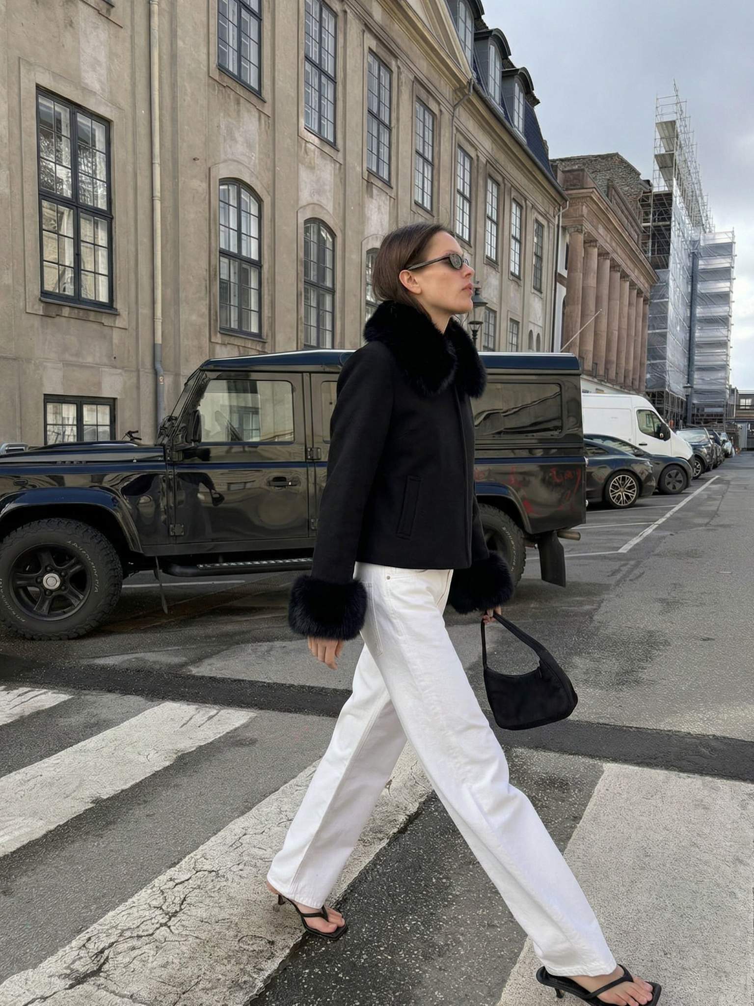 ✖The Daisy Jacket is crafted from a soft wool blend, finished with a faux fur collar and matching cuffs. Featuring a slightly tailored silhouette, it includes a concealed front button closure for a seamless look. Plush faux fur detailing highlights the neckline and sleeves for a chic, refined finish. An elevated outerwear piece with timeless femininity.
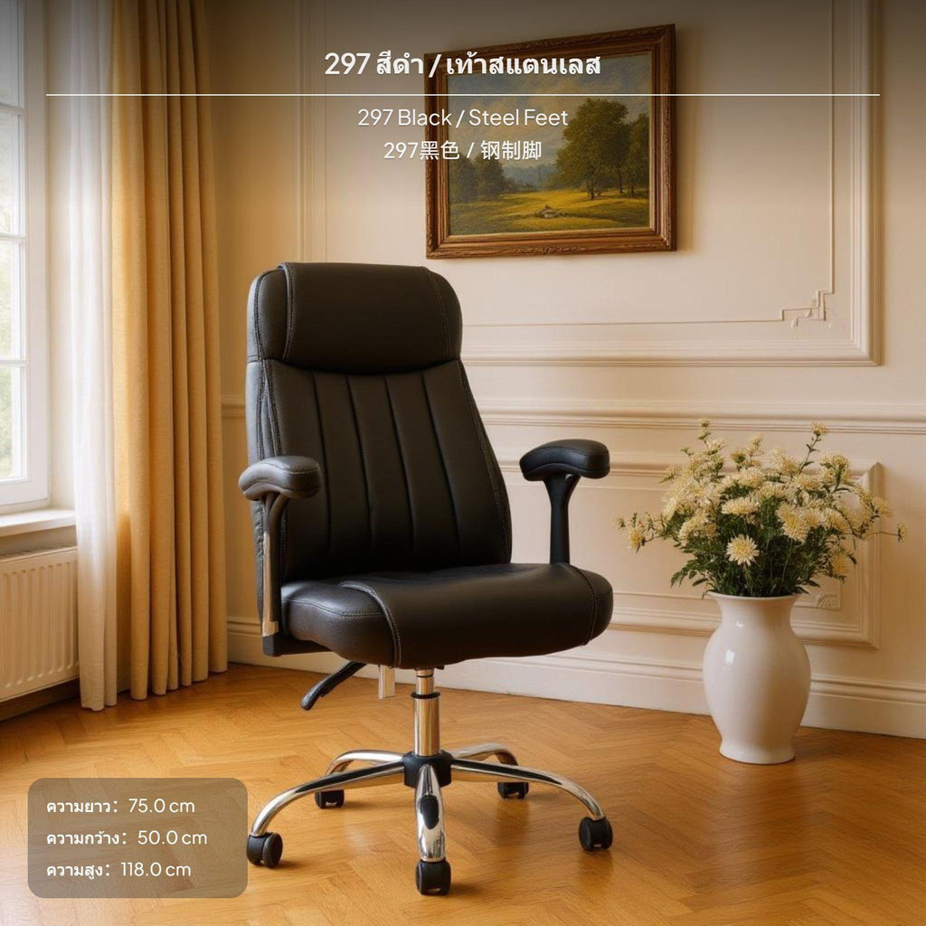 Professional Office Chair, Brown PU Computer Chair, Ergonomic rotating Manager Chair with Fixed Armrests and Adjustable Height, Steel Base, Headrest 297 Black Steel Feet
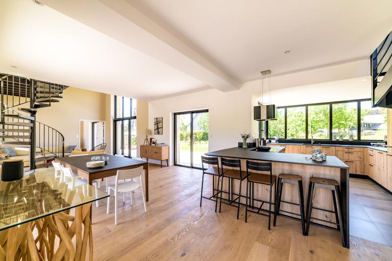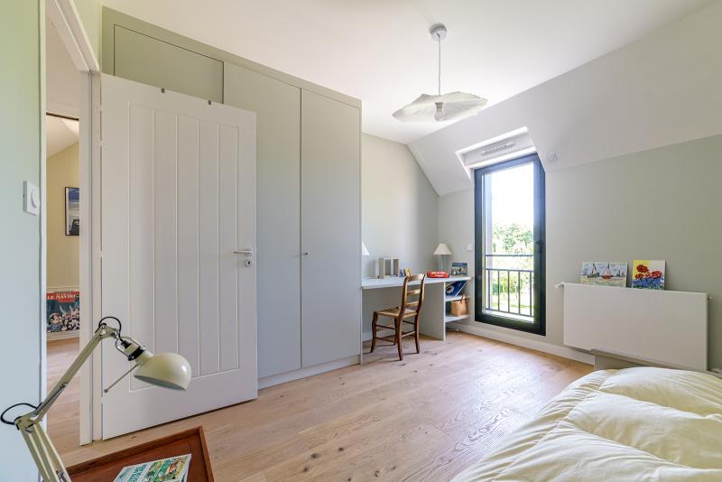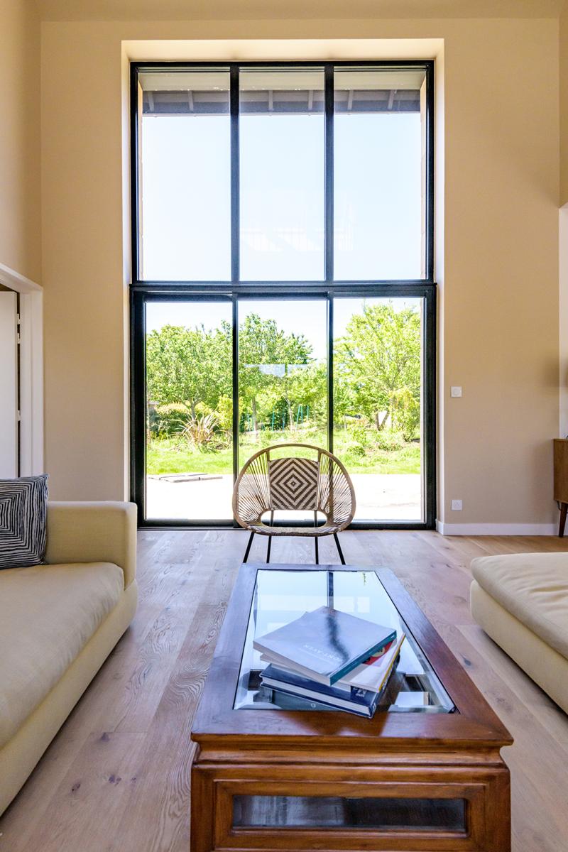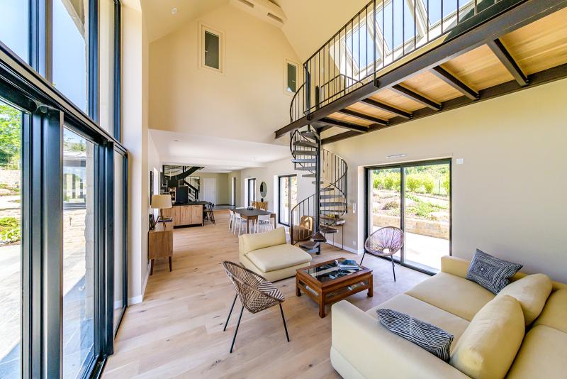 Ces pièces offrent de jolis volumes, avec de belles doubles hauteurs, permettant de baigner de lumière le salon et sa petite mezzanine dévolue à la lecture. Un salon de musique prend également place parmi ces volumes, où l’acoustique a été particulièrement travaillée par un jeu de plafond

──────

_Required work:_
Nothing but the pictures should be left out when the material above is copied.

_Response for this exercise:_
 ✖The Daisy Jacket is crafted from a soft wool blend, finished with a faux fur collar and matching cuffs. Featuring a slightly tailored silhouette, it includes a concealed front button closure for a seamless look. Plush faux fur detailing highlights the neckline and sleeves for a chic, refined finish. An elevated outerwear piece with timeless femininity.
 Professional Office Chair, Brown PU Computer Chair, Ergonomic rotating Manager Chair with Fixed Armrests and Adjustable Height, Steel Base, Headrest 297 Black Steel Feet
 Ces pièces offrent de jolis volumes, avec de belles doubles hauteurs, permettant de baigner de lumière le salon et sa petite mezzanine dévolue à la lecture. Un salon de musique prend également place parmi ces volumes, où l’acoustique a été particulièrement travaillée par un jeu de plafond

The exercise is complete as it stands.